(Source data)
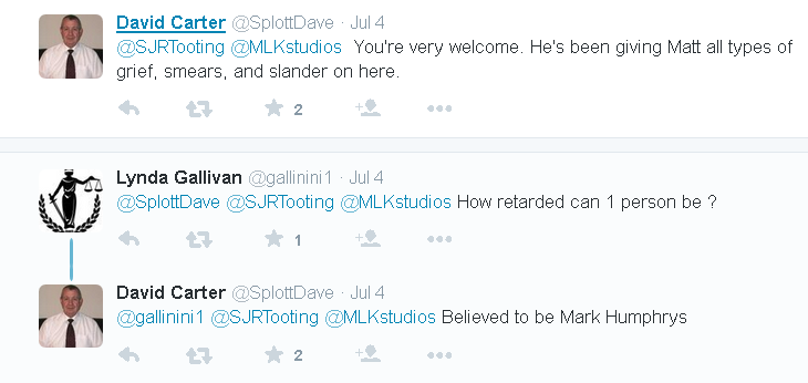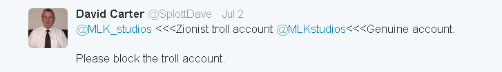 Above I was accused by Holocaust denier David Carter of impersonating his friend
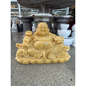 Chất liệu: Đá ngọc Hoàng Long Kích thước: Dài 50 cm x Rộng 20 cm x Cao 34 cm Khối lượng: 40 kg Phật Di Lặc trong Phong thủy Còn gọi là "Phật Cười", Di
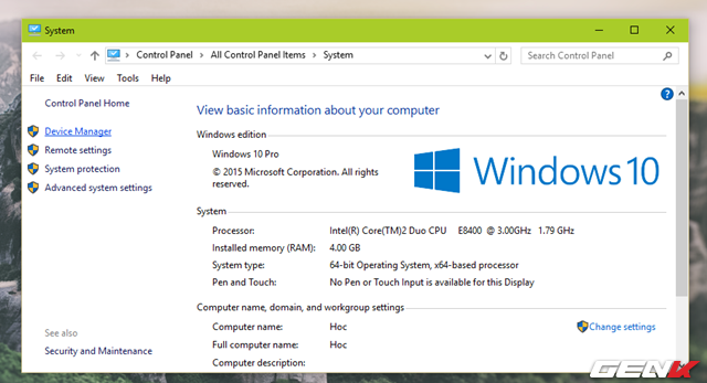 Hộp thoại System xuất hiện, bạn hãy nhấp vào tùy chọn Device Manager ở bên trái.
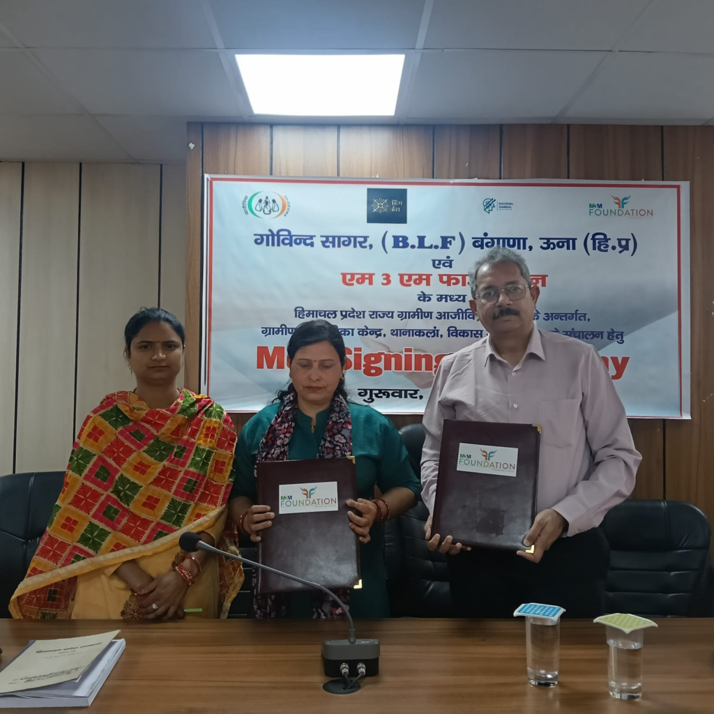 ग्रामीण महिलाओं एवं युवाओं के सशक्तिकरण की दिशा में एक महत्वपूर्ण पहल करते हुए एमथ्रीएम फाउंडेशन ने पायल@40 अभियान के अंतर्गत बंगाणा ब्लॉक में गोविंद सागर ब्लॉक लेवल फेडरेशन के साथ समझौता ज्ञापन (एमओयू) पर हस्ताक्षर किए। यह समझौता हिमाचल प्रदेश राज्य ग्रामीण आजीविका मिशन के तहत थानाकलां में ग्रामीण आजीविका केंद्र (आरएलसी) के संचालन हेतु किया गया।
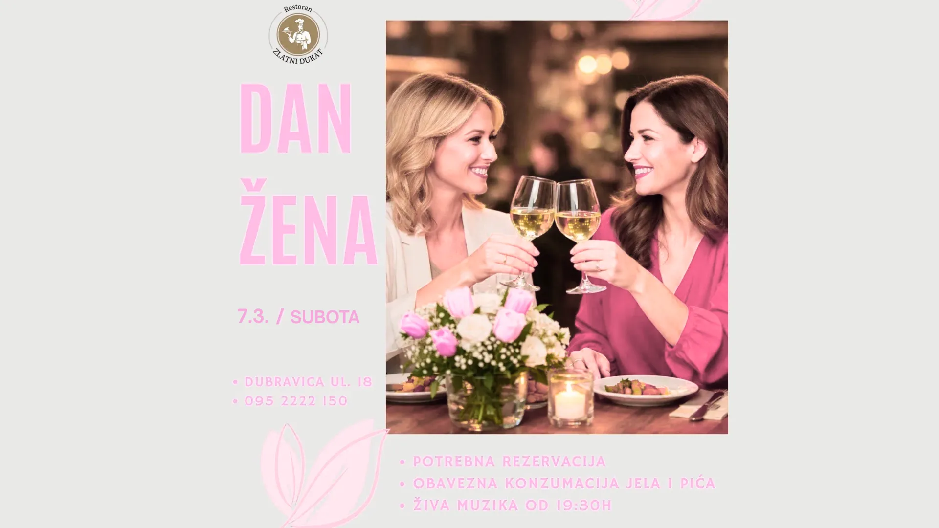 Dan žena 07. 03.Cijena na upit. Potrebna rezervacija Obavezna konzumacija jela i pića Živa muzika od 19:30 Dubravica ul. 18 095 2222 150
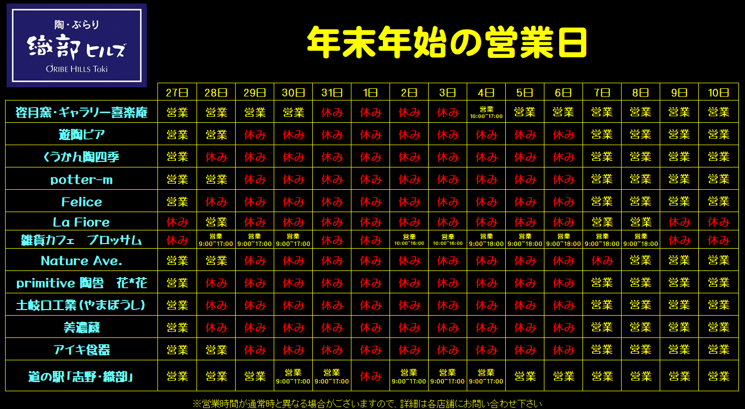 年末年始の営業日
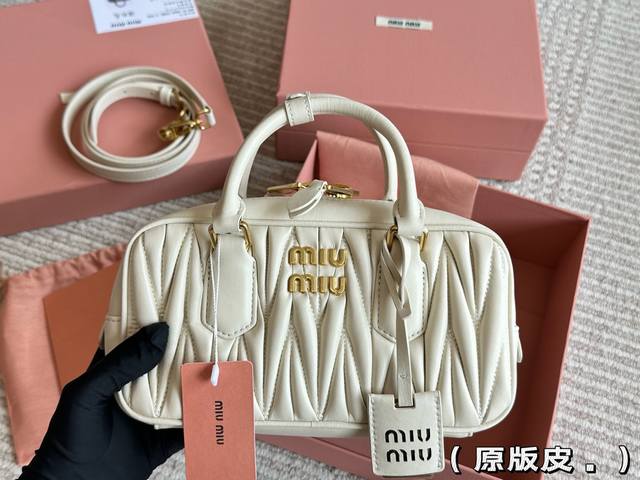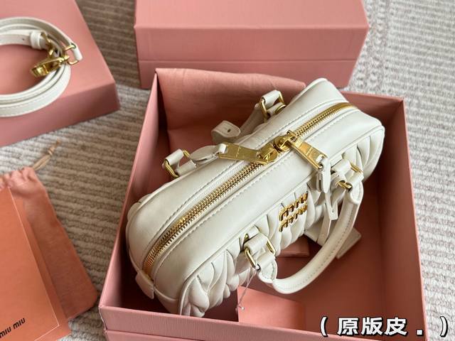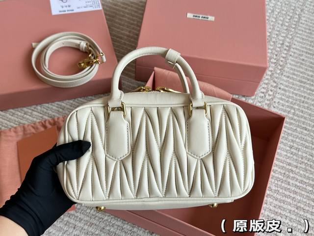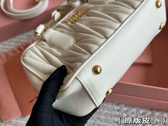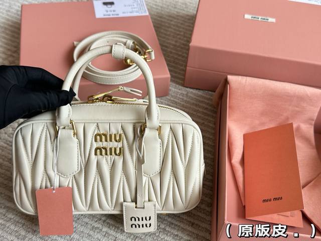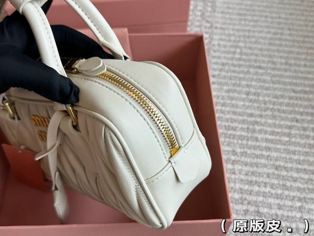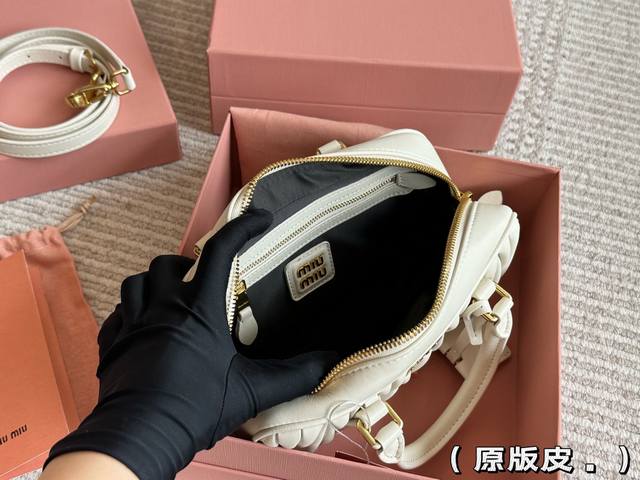 Original leather full packaging. Size: 23*12cm. Miumiu bowling briefcase. The bag has just the right amount of sweetness! It's hard not to love it! Can be carried by hand or worn crossbody. Definitely not a small, useless bag; it has plenty of capacity! Makes you look like a Miumiu princess!
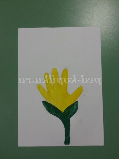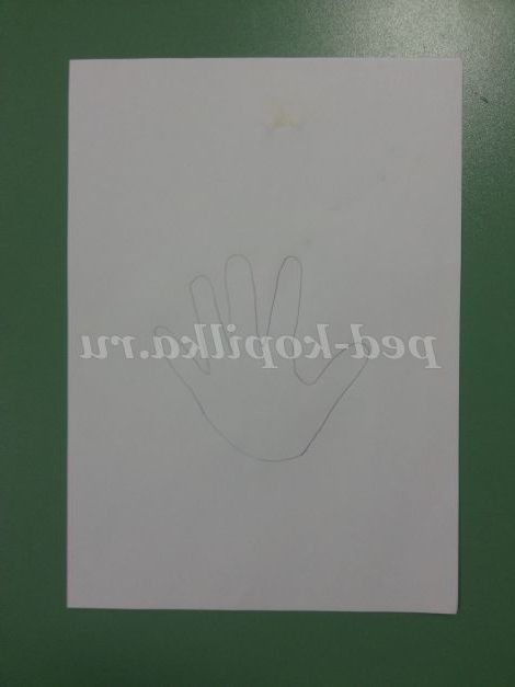 Для початку потрібно зробити трафарет для нашого квітки. Дитина прикладає свою долоньку до чистого аркушу паперу і обводить
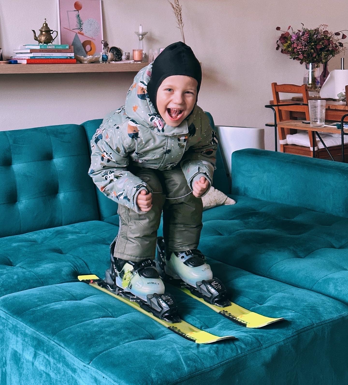 Protože jsem naposledy lyžovala před dvaceti lety a od té doby jezdím skoro jen na snowboardu, úplně prapůvodní nápad byl takový, že Doriho ve 4 letech postavím tedy rovnou na prkno. Ostatně, na instagramu je roztomilých batolátek na miniaturním prkýnku všude plno, takže to nebude problém.
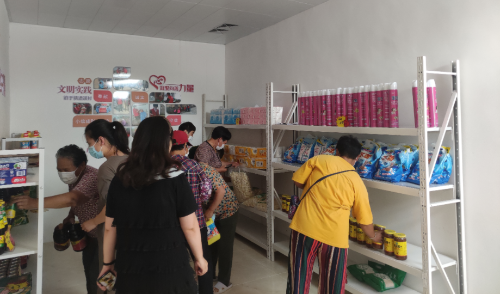 走进泊于镇逍遥村信用超市,琳琅满目的各类生活用品整齐地陈列在货架上,几位村民拿着超市信用票前来兑换所需要的油盐酱醋等生活用品。
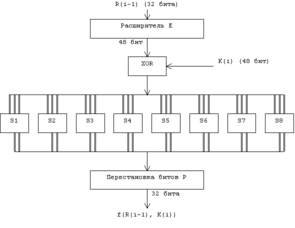 Функции f называется функцией шифрования. Ее аргументами являются последовательность Ri-1, получаемая на предыдущем шаге итерации, и 48-битовый ключ Ki, который является результатом преобразования 64-битового ключа шифра К.
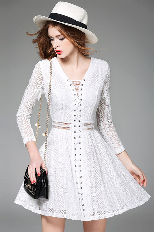[30% OFF TILL 8 APR] Multi Lace Paneled Lace-UP Short Cocktail Dress
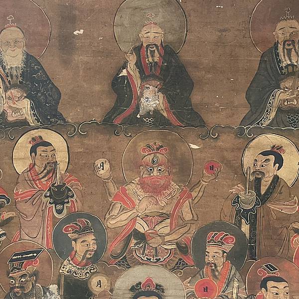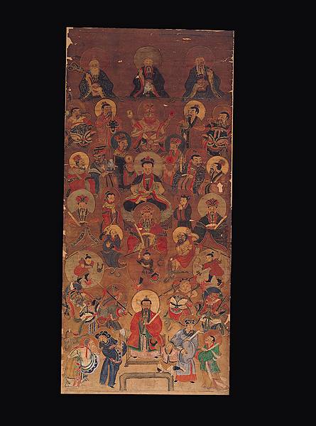三清以下(四御),即是三界眾神,尊卑有序,其正中一列所尊奉者,表現地方性信仰亦可列於道教神譜中,如觀音手執拂塵;坐於蓮花座上;又有《封神演義》中的哪吒、金吒及木吒,均腳踏火輪,為民間崇奉的信仰特色;又將達摩與玄武(玄天上帝披髮持劍)分列左右。唯整體上仍多道教神系:如盤古王兩手分持加明,其下兩側為日、明之神;其最下層為張道陵天師,左手持笏,右手捏抉,為火居道所尊崇。
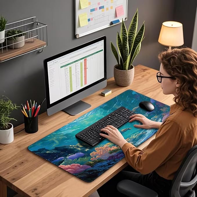 - PREMIUM DESIGN: Large extended mouse pad featuring a vibrant underwater scene with sea turtles and coral reefs in stunning turquoise and coral colors. This gaming mouse pad adds a touch of fun to your workspace
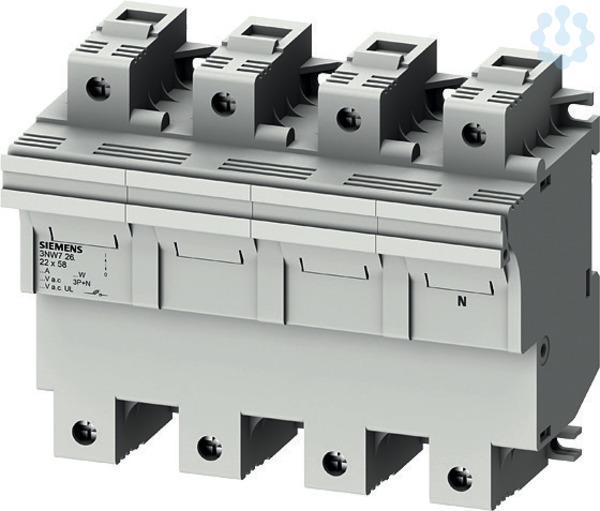 SENTRON, Zylindersicherungshalter, 22x58 mm, 3P+N, In: 100 A, Un AC: 690 V SENTRON Zylindersicherungssystem für den selektiven Anlagenschutz. Siemens Zylindersicherungseinsätze und -sicherungshalter sind für den Einsatz in industriellen Anlagen geeignet. Sie sind in Europa Standard und als Sicherungstrennschalter geprüft und zugelassen aber nicht zum Schalten unter Last vorgesehen. Für das Schalten unter Last bietet Siemens ein umfangreiches Portfolio z.B. 3KF an. Die Siemens Zylindersicherungssysteme zeichnen sich vor allem aus durch: 1. Erfüllung der Normen IEC 60269-1, -2 und -3. 2. Erfüllung der Norm UL 512. 3. Schnellen Sicherungswechsel durch Platz für Ersatzsicherungen im Einschub. 4. Schnelles Erkennen der ausgelösten Sicherung durch blinkende LED im Falle der Auslösung.

▶ _Exercise aim_
Restate exactly, please, only the lines between the start of the data and the line containing "ग्रामीण महिलाओं एवं", both ends included, skipping the pictures.

▶ _Response for this exercise_
 Above I was accused by Holocaust denier David Carter of impersonating his friend
 Chất liệu: Đá ngọc Hoàng Long Kích thước: Dài 50 cm x Rộng 20 cm x Cao 34 cm Khối lượng: 40 kg Phật Di Lặc trong Phong thủy Còn gọi là "Phật Cười", Di
 Hộp thoại System xuất hiện, bạn hãy nhấp vào tùy chọn Device Manager ở bên trái.
 ग्रामीण महिलाओं एवं युवाओं के सशक्तिकरण की दिशा में एक महत्वपूर्ण पहल करते हुए एमथ्रीएम फाउंडेशन ने पायल@40 अभियान के अंतर्गत बंगाणा ब्लॉक में गोविंद सागर ब्लॉक लेवल फेडरेशन के साथ समझौता ज्ञापन (एमओयू) पर हस्ताक्षर किए। यह समझौता हिमाचल प्रदेश राज्य ग्रामीण आजीविका मिशन के तहत थानाकलां में ग्रामीण आजीविका केंद्र (आरएलसी) के संचालन हेतु किया गया।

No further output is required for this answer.